Kemudian ada pula hubungan antara linguistic, psikologi, logika dan filsafat,
tampak pula adanya filsafat linguistic.
Batas-batas
pendekatan seorang linguis, filsuf, psikolog, dan orang yang bergerak dalam
bidang logika dalam semantic susah untuk dijelaskan.
Semantic
sebagai ilmu, memelajari pemaknaan dalam bahasa dan terbatas pada pengalaman
manusia. Jadi, secara ontologism semantic membatasi masalah pada pengalaman
yang dikajinya hanya pada persoalan yang terdapat didalam ruang lingkup
jangkauan pengalaman manusia. Selain itu semantic membicarakan apa yang
ditandai. Hal tersebut dikemukakan oleh Morris (1946) dalam bukunya berjudul
signa, language dan behavior.
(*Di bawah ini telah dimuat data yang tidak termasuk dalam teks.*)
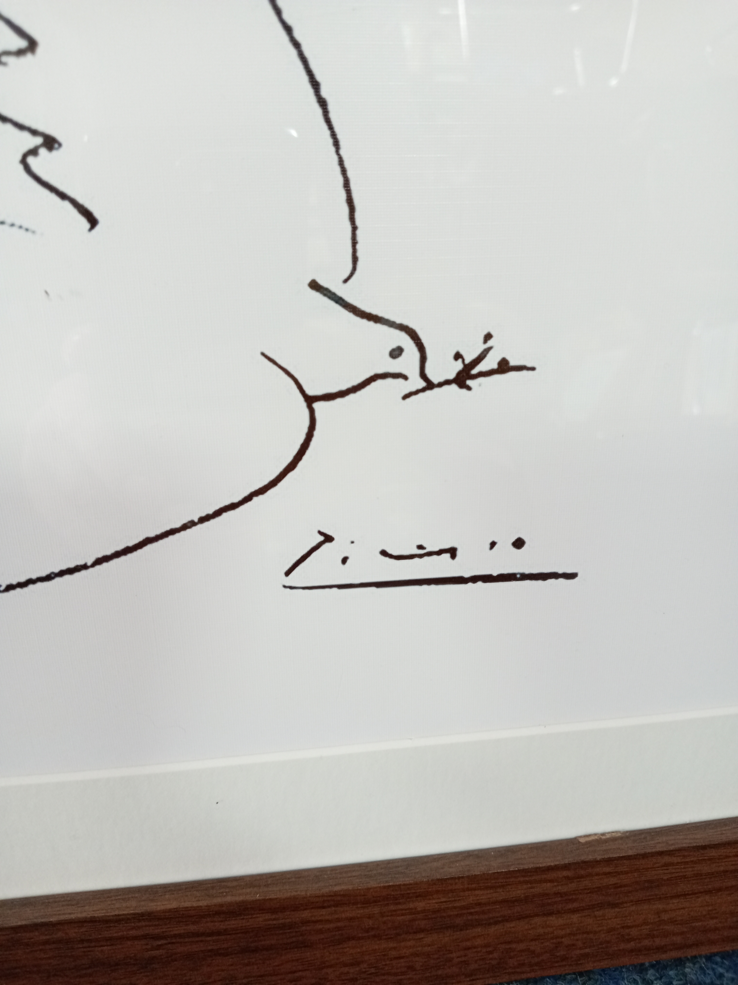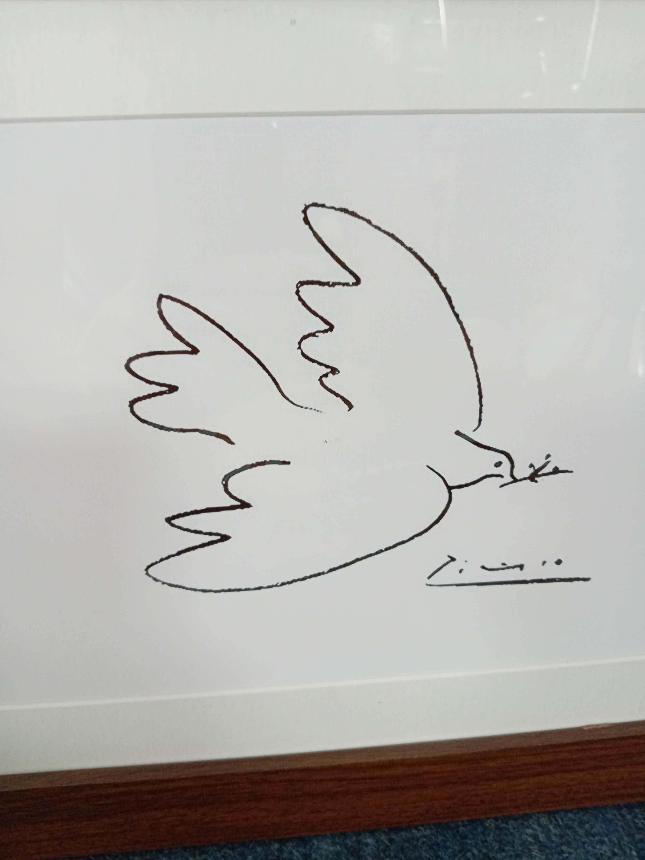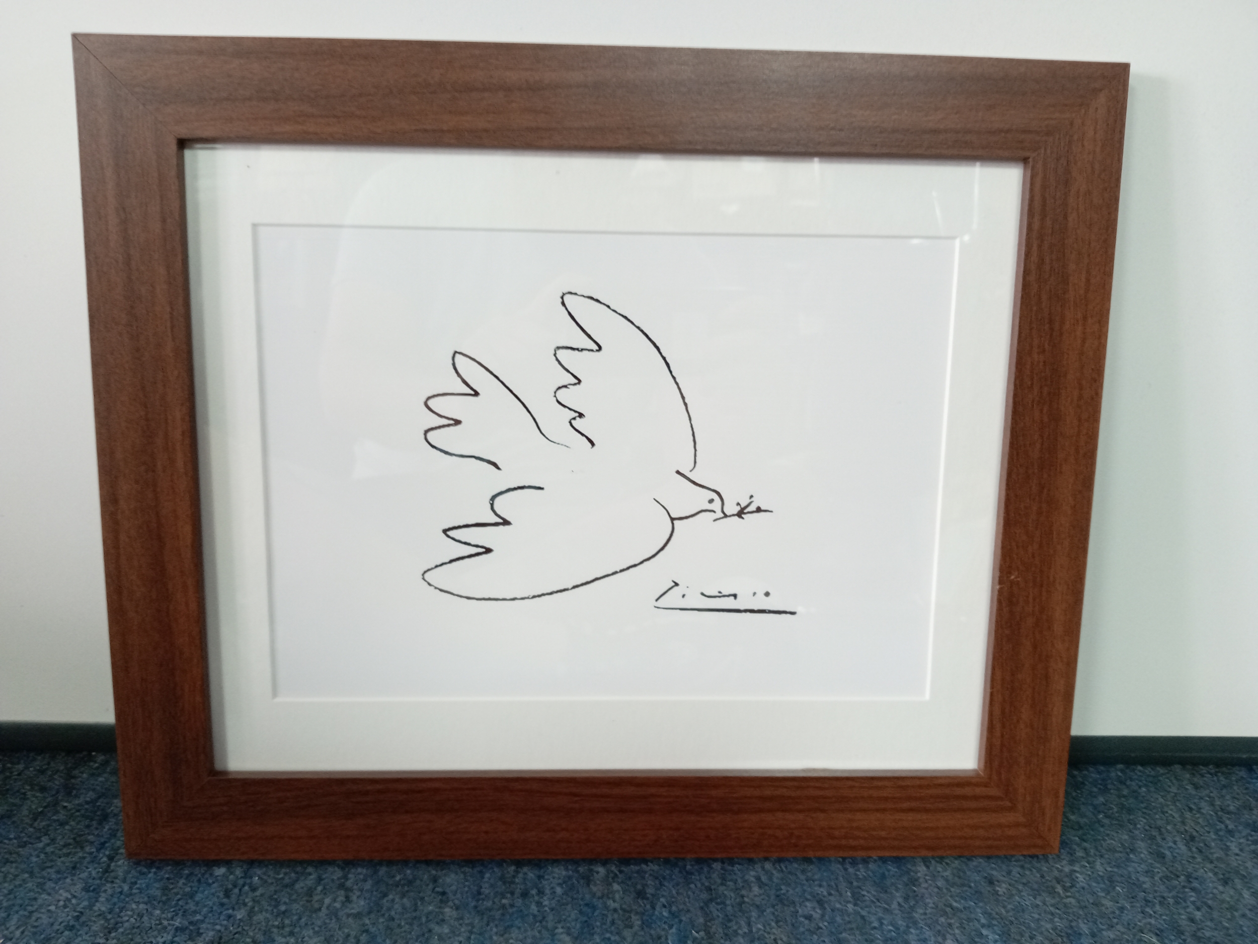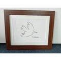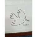 A framed lithograph of Pablo Picasso 'Dove of peace' measures 42cm x 35cm.
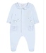 Dit warme babypakje van Tartine et Chocolat is gemaakt van zachte lichtblauw velours en behoort tot de verfijnde garda-collectie. De voorkat is versierd met subtiele borduursels van schaapjes (mouton), sterretjes en een maantje, wat het pakje een dromerige uitstraling geeft.
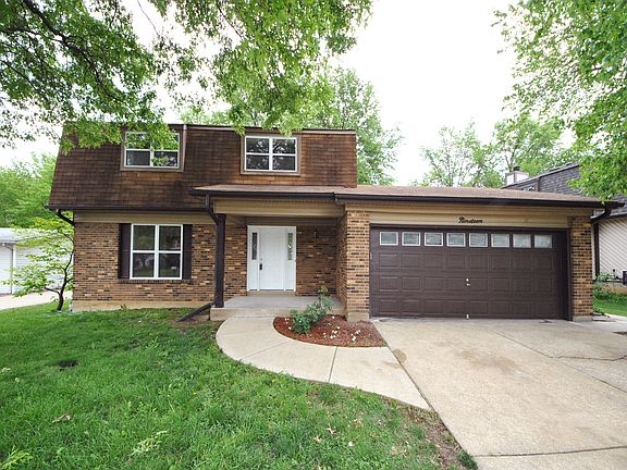 Wonderful 2-story home, situated on a picturesque lot in popular Spencer Creek North Village, in the heart of St. Peters. This meticulously maintained 4 bedroom and 2.5 bath home boasts a bright and open floorplan with over 2400 square feet of living space including finished lower level. A charming covered front porch welcomes you home. The Entry Foyer opens to the sunlit Living Room with large picture window, and French doors leading to the spacious Dining Room. The Kitchen features plenty of cabinet and counter space, and included refrigerator, and opens to the Breakfast Room with large picture window overlooking the backyard. Adjoining Family Room boasts a floor-to-ceiling brick fireplace and atrium double doors to the covered patio. Convenient main floor Powder Room. The second floor features a spacious Master Suite with a walk-in closet and private Masterbath, plus 3 additional bedrooms and an additional full bath. The finished Lower Level includes a huge Recreation Room and private Den/Multi-purpose Room. Another feature: 2-car attached garage. Relax outside on the covered patio and enjoy the large, level yard that backs to Spencer Creek Park. The location couldn’t be better – near shops, restaurants and highways!
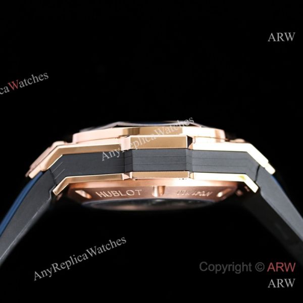 Replica HUBLOT BIG BANG SANG BLEU II Dark Blue Fluororubber Strap Dark Blue Skeletonized Geometric Face Dial Titanium With Diamond-Set Case Watch 45mm

Jadi jika seekor anjing bereaksi berharap adanya
makanan apabila mendengar bel, maka bel tersebut sebagai penanda adanya
makanan.
Sifat
kemajemukan bahasa sering menimbulkan kekacauan semantic, misalnya dua oarng
sedang berkomunikasi menggunakan kata yang sama untuk pengertian yang berbeda,
atau sebaliknya. Namun kekacauan semantic dapat dihindari dengan prinsip
kooperatif. Namun Kempson (1997:6) prinsip kooperatif berhubungan dengan
kuantitas kata, kuantitas pembicaraan, hubungan pembicaraan dan penyampaian
yang jelas.
Kesimpulan
Bahasa merupakan
alat komunikasi manusia yang tidak terlepas dari arti atau makna pada setiap
perkataan yang diucapkan. Semantik merupakan salah satu cabang ilmu yang
dipelajari dalam studi linguistik. Dalam semantik kita mengenal yang disebut
klasifikasi makna, relasi makna, erubahan makna, analisis makna, dan makna
pemakaian bahasa. Semantik adalah subdisiplin linguistik yang membicarakan
makna yaitu makna kata dan makna kalimat.